[RFC PATCH] KVM: Introduce KVM VIRTIO device

From: Yan Zhao
Date: Thu Dec 14 2023 - 06:04:57 EST


Introduce a new KVM device that represents a virtio device in order to
allow user to indicate device hardware's noncoherent DMA status.

Motivation
===
A virtio GPU device may want to configure GPU hardware to work in
noncoherent mode, i.e. some of its DMAs do not snoop CPU caches.
This is generally for performance consideration.
In certain platform, GFX performance can improve 20+% with DMAs going to
noncoherent path.

This noncoherent DMA mode works in below sequence:
1. Host backend driver programs hardware not to snoop memory of target
DMA buffer.
2. Host backend driver indicates guest frontend driver to program guest PAT
to WC for target DMA buffer.
3. Guest frontend driver writes to the DMA buffer without clflush stuffs.
4. Hardware does noncoherent DMA to the target buffer.
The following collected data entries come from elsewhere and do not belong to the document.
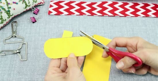 Trace 2 rounded rectangles that are 1½ by 4 in (3.8 by 10.2 cm). Use a piece of paper or cardstock to sketch out a rough template for the end pieces of your strap. Draw out a curved rectangle with rounded edges and long lines. As you sketch, check with the ruler to make sure that the template is 4 in (10.2 cm) across and 1½ in (3.8 cm) wide. Once you’ve completed this template, cut it out with a pair of scissors. You can use a variety of different shapes to design your end piece. If you don’t want to use a curved rectangle, try drawing and cutting out an hourglass shape that follows the same dimensions. You can find an exact template of the rectangular end pieces here: https://media.rainpos.com/5025/camerastrap_instrweb.pdf.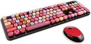 Gemdeck Wireless Mini Keyboard and Mouse Combo Vintage Round Keycaps RED/BLACK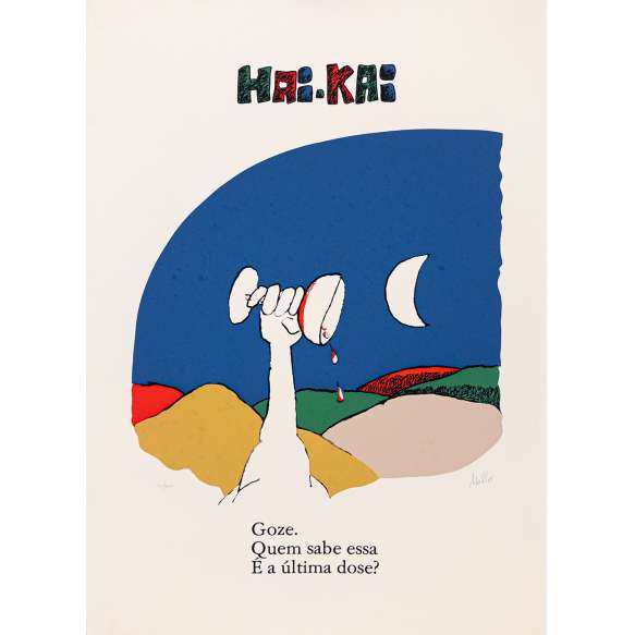 serigrafia em cores impressa s/ papel, ass. inf. dir., tit. centro sup., n. 162/200 inf. esq. e com a inscrição “Goze. Quem sabe essa é a última dose?” centro inf. 70 x 50 cm

In this noncoherent DMA mode, both guest and hardware regard a DMA buffer
as not cached. So, if KVM forces the effective memory type of this DMA
buffer to be WB, hardware DMA may read incorrect data and cause misc
failures.

Therefore, we introduce a new KVM virtio device to let KVM be aware that
the virtio device hardware is working in noncoherent mode.
Then, KVM will honor guest PAT type in Intel's platform.
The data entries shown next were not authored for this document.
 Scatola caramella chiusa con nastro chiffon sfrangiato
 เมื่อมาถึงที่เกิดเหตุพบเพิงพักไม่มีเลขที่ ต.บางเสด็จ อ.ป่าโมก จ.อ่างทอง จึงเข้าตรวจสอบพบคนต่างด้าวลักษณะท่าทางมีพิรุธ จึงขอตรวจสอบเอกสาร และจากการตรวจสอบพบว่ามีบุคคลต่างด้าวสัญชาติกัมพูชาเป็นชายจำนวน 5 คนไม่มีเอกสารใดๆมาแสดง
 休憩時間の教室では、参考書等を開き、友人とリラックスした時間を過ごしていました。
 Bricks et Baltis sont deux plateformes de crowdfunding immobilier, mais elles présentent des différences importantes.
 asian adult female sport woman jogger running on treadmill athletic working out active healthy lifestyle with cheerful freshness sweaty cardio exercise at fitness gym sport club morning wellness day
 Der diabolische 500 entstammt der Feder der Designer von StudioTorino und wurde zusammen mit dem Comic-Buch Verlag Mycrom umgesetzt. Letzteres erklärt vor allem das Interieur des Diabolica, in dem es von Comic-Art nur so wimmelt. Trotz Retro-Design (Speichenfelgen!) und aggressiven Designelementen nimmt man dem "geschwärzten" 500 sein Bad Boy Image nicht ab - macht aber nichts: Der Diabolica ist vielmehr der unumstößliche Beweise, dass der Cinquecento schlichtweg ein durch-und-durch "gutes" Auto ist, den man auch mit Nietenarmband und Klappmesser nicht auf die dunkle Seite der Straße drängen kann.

For a virtio device model (e.g. QEMU), if it knows device hardware is to be
configured to work in

a. noncoherent mode,
- on device realization,
it can create a KVM virtio device and set device attr to increase KVM
noncoherent DMA count;
- on device unrealization,
destroy the KVM virtio device to decrease KVM noncoherent DMA count.

b. coherent mode,
just do nothing.

Security
===
The biggest concern for KVM to honor guest's memory type in Intel platform
is page aliasing issue.
- For host MMIO, it's not a concern as KVM VMX programs EPT memory type to
UC (which will overwrite all guest PAT type except WC) no matter guest
memory type is honored or not.

- For host non-MMIO pages,
* virtio guest frontend and host backend driver should be synced to use
the same memory type to map a buffer. Otherwise, there will be
potential problem for incorrect memory data. But this will only impact
the buggy guest alone.
* for live migration,
as QEMU will read all guest memory during live migration, page aliasing
could happen.
Current thinking is to disable live migration if a virtio device has
indicated its noncoherent state.
As a follow-up, we can discuss other solutions. e.g.
(a) switching back to coherent path before starting live migration.
(b) read/write of guest memory with clflush during live migration.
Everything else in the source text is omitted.